Coal mining in Britain, generally in South Wales, tarted early. Before the steam engine, pits were often shallow bell-pits following a seam of coal along the surface, which were abandoned as the coal was in the other cases, if the geology was favorable, the coal was mineable by means of an admit or drift mine driven into the side of a hill. Shaft-mining was done in some areas, but the limitation was the problem of removing water. It could be done by hauling brackets of water up the shaft or to a sluice. In either case, the water had to be discharged into steam or a ditch at a level where it could flow away by gravity.
LIFE OF THE WORKER'S:

In Britain during the Revolution, many job seekers moved from one place to another and waited for weeks, spending nights under bridges or in night shelters. The seasonality of work in many industries means prolonged periods without work. After the work season was over, the poor workers stayed again on the streets. Some workers returned to the countryside after the winter season was over. Demand for labor increased in rural and urban areas, but most of the jobs were dowagers increased in the early nineteenth century. Most people stay in public shelters at night.
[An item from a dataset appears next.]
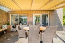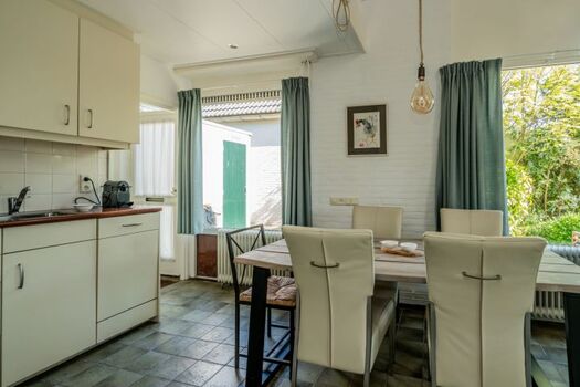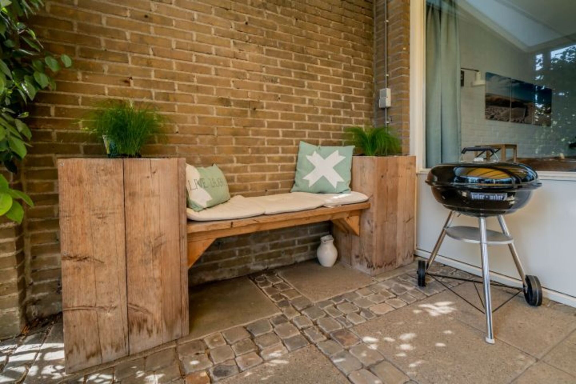 Das geräumige, helle Wohnzimmer ist geschmackvoll eingerichtet und verfügt über eine gemütliche Sitzecke, in der Sie fernsehen (digital, mit vielen deutschen Sendern) oder ein Buch lesen können, während das Feuer des zentralen Kamins für Wärme und zusätzliche Atmosphäre sorgt. Auf der anderen Seite des Kamins befinden sich der Essbereich und die offene Küche. Vom Essbereich aus gelangen Sie durch die Schiebetür in den geräumigen Garten, der viel Privatsphäre bietet. Auf der gemütlichen, überdachten Terrasse, direkt neben dem Haus, können Sie mit sechs Personen am ovalen Esstisch sitzen, der mit sehr bequemen Stühlen ausgestattet ist. Der Grill und das Lounge-Sofa vervollständigen das ultimative Outdoor-Feeling, das Sie während Ihres Urlaubs erleben werden.

The industrial revolution is not very good for labour because laborer's worked very hard during this revolution. After the busy season was over, the poor were back on the streets. Some returned to the countryside after the winter, when the demand for labor in rural areas increased in some places. But most of the jobs are odd and difficult to find easily.
Wages increased very slowly during the revolution, and most of the workers faced problems due to the low wages. Industrial workers were paid a very small amount and struggled to survive. For example, adult men were paid around 10 shillings per weak, while women were paid 5 shillings for the same work, and children were paid just 1 shilling. In comparison, families were normally charged 5 shillings per month for rent.